• RECORDED DATA:
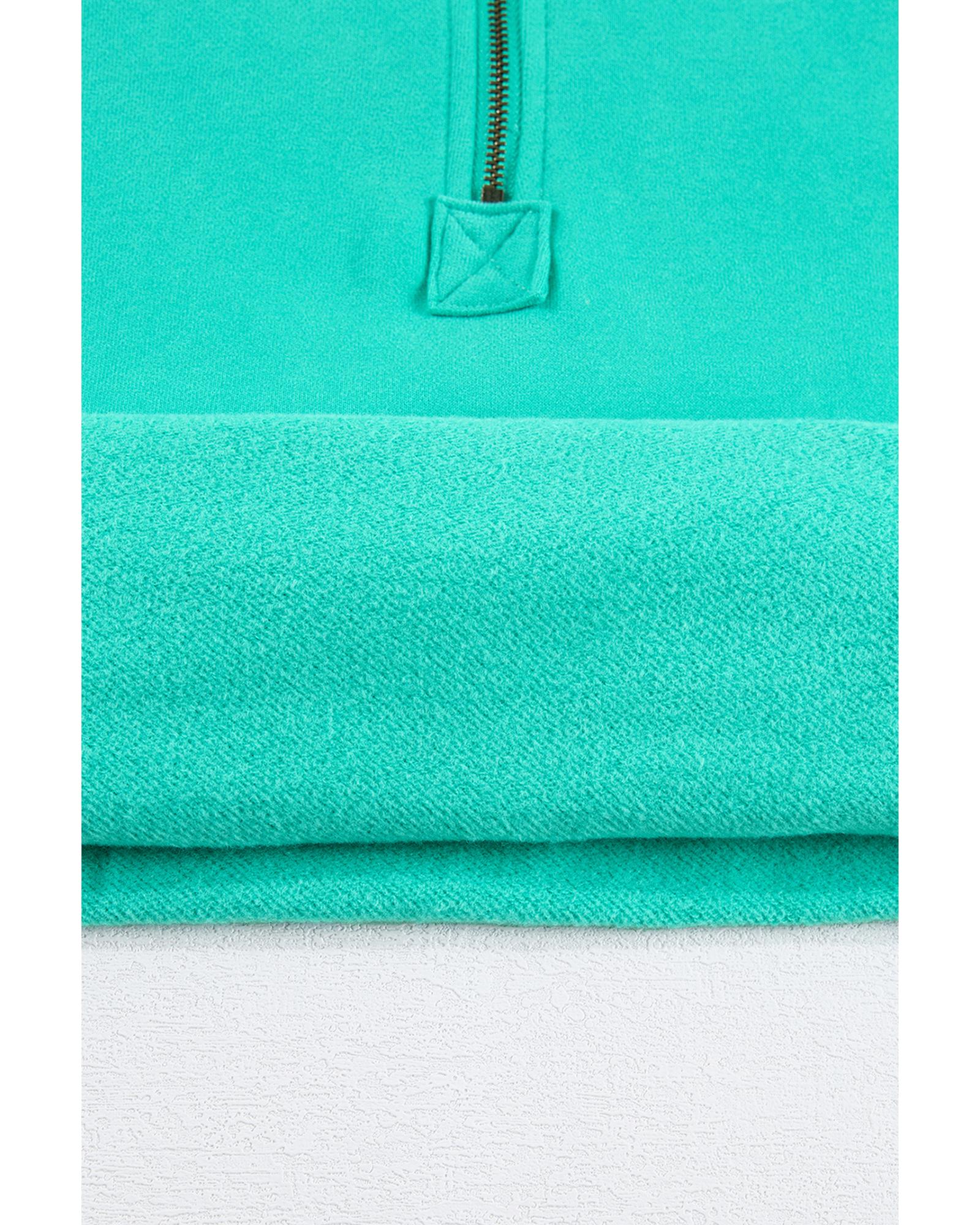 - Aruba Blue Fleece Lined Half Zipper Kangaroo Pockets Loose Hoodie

* * *

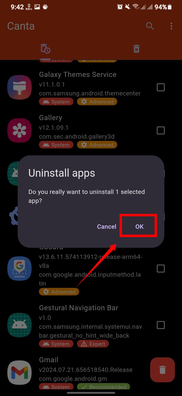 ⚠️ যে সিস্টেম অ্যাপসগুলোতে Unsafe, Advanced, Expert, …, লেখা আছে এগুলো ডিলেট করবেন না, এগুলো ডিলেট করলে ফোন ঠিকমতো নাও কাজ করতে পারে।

* * *

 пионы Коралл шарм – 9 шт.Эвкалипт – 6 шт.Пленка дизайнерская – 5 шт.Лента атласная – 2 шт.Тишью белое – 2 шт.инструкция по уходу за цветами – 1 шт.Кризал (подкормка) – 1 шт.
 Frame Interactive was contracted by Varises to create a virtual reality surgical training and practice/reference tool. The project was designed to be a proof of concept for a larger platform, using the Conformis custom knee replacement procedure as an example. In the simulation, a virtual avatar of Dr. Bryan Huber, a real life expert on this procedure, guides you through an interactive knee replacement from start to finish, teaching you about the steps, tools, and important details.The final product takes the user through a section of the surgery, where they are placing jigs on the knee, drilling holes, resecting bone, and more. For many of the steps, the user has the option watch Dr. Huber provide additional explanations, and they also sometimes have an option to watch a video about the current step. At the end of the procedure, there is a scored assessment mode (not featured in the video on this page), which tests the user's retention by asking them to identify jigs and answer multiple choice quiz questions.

• HOW TO COMPLETE THIS TASK: Look back at the entries above. Retype the line with "пионы Коралл шарм", the line with "Frame Interactive was", and all lines in between.

• EXERCISE OUTPUT:
 пионы Коралл шарм – 9 шт.Эвкалипт – 6 шт.Пленка дизайнерская – 5 шт.Лента атласная – 2 шт.Тишью белое – 2 шт.инструкция по уходу за цветами – 1 шт.Кризал (подкормка) – 1 шт.
 Frame Interactive was contracted by Varises to create a virtual reality surgical training and practice/reference tool. The project was designed to be a proof of concept for a larger platform, using the Conformis custom knee replacement procedure as an example. In the simulation, a virtual avatar of Dr. Bryan Huber, a real life expert on this procedure, guides you through an interactive knee replacement from start to finish, teaching you about the steps, tools, and important details.The final product takes the user through a section of the surgery, where they are placing jigs on the knee, drilling holes, resecting bone, and more. For many of the steps, the user has the option watch Dr. Huber provide additional explanations, and they also sometimes have an option to watch a video about the current step. At the end of the procedure, there is a scored assessment mode (not featured in the video on this page), which tests the user's retention by asking them to identify jigs and answer multiple choice quiz questions.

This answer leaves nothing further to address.